Heidi Anderson, senior, has slowly checked out, finding herself caught in the grasp of senioritis.
“In Econ we were supposed to fill out this thing for a job interview and I didn’t,” Andeson said. “I didn’t know it was for points and he was like ‘get it out, it’s for points’ and I’m like ‘oh’.”
Not only that, but she said she has had a lot of late work due to the relentless symptoms.
“All of my art projects, every single one. None of them have been turned in on time,” she said. “I sometimes go talk to people instead of actually working on them. Not the smartest decision.”
Regardless of the lack of motivation, she said she is excited to get a jump start on her career.

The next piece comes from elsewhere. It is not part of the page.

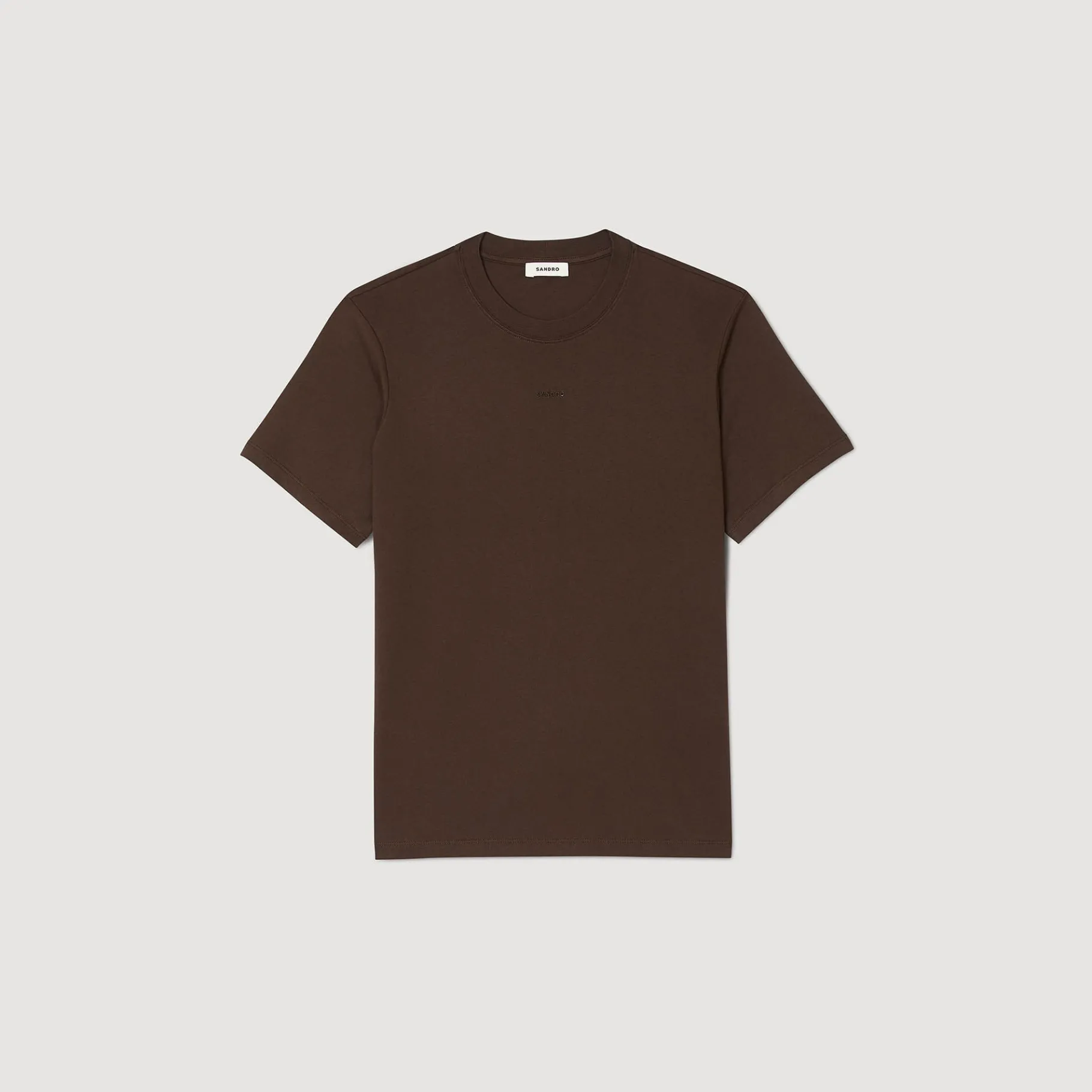 Camiseta De Cuello Redondo Y Manga Corta Con Un Bordado Sandro. Camiseta Sandro Hombre Cuello Redondo De Canalé Manga C…
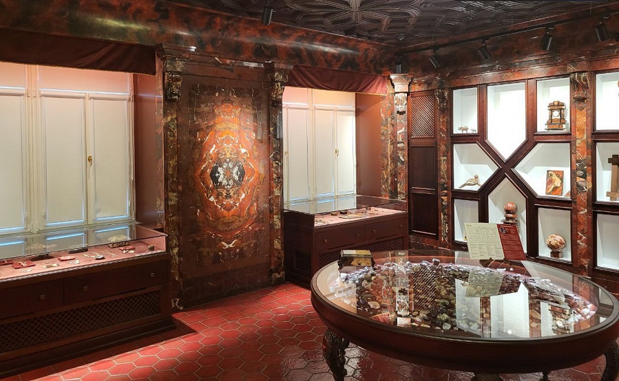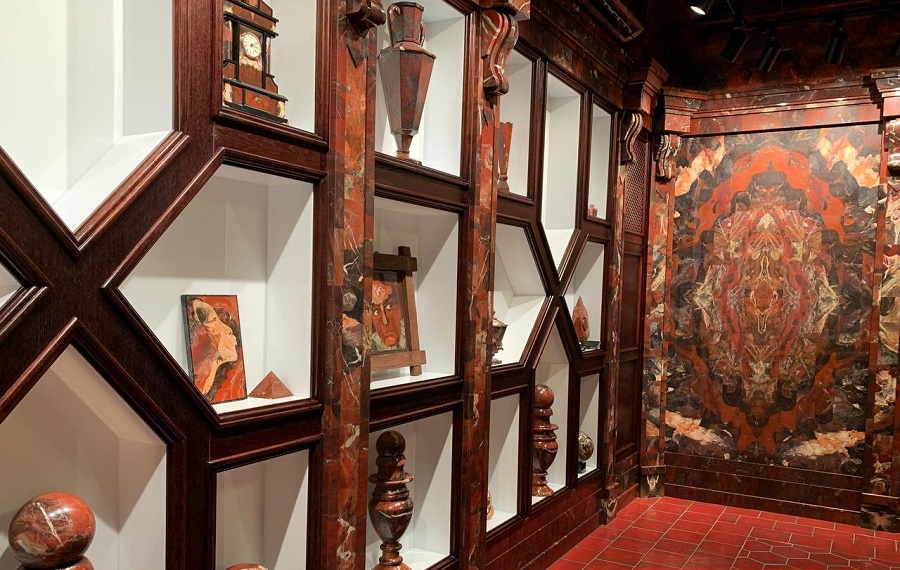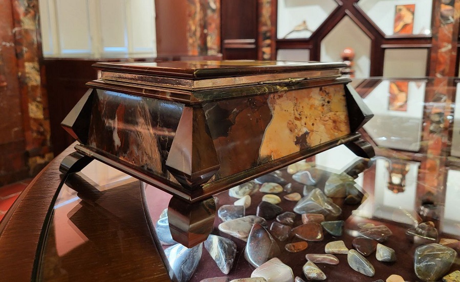 Орская яшма уникальна наличием синего и телесного цветов. 75 м² комнаты выложены плиткой шириной всего 4 миллиметра. Создавался этот шедевр под руководством камнереза Николая Местяшева. Мастер также передал в дар для комнаты вазы, шкатулки и часы из яшмы. Их особенность в том что они полые. Это просто ювелирная работа.

“I am going to go to [Kansas] State,” she said. “I got into their pre-vet scholars program, so if I maintain a 3.3 science GPA, I will automatically be admitted into vet school after I complete the prerequisites.”
Seniorits tends to have a negative connotation attached with it, but according to Lisa Hatz, Rockwood School District counselor, it can affect seniors in a positive way as well.
“I think it can motivate some students and help them to learn time management and planning and organization skills,” Hatz said. “My experience with senioritis did not involve losing motivation–it actually had the opposite effect on me. I worked extra hard so I could graduate early and move on with my goals post-graduation.”
Why it tends to impact students in a negative way, she said, depends on how the student views high school, and if the necessary classes to graduate pertain to the career path he or she may go into.
“I think of it more as a response to how a student views the ending of high school and where that fits within the next chapter of their lives and goals set beyond graduation,” she said. “A lot of students who don’t find the traditional academic path relevant to their goals, or it doesn’t come so naturally for their learning style, it’s a less enjoyable experience. So, they’re looking more at the end of high school as a relief. It’s behind them.”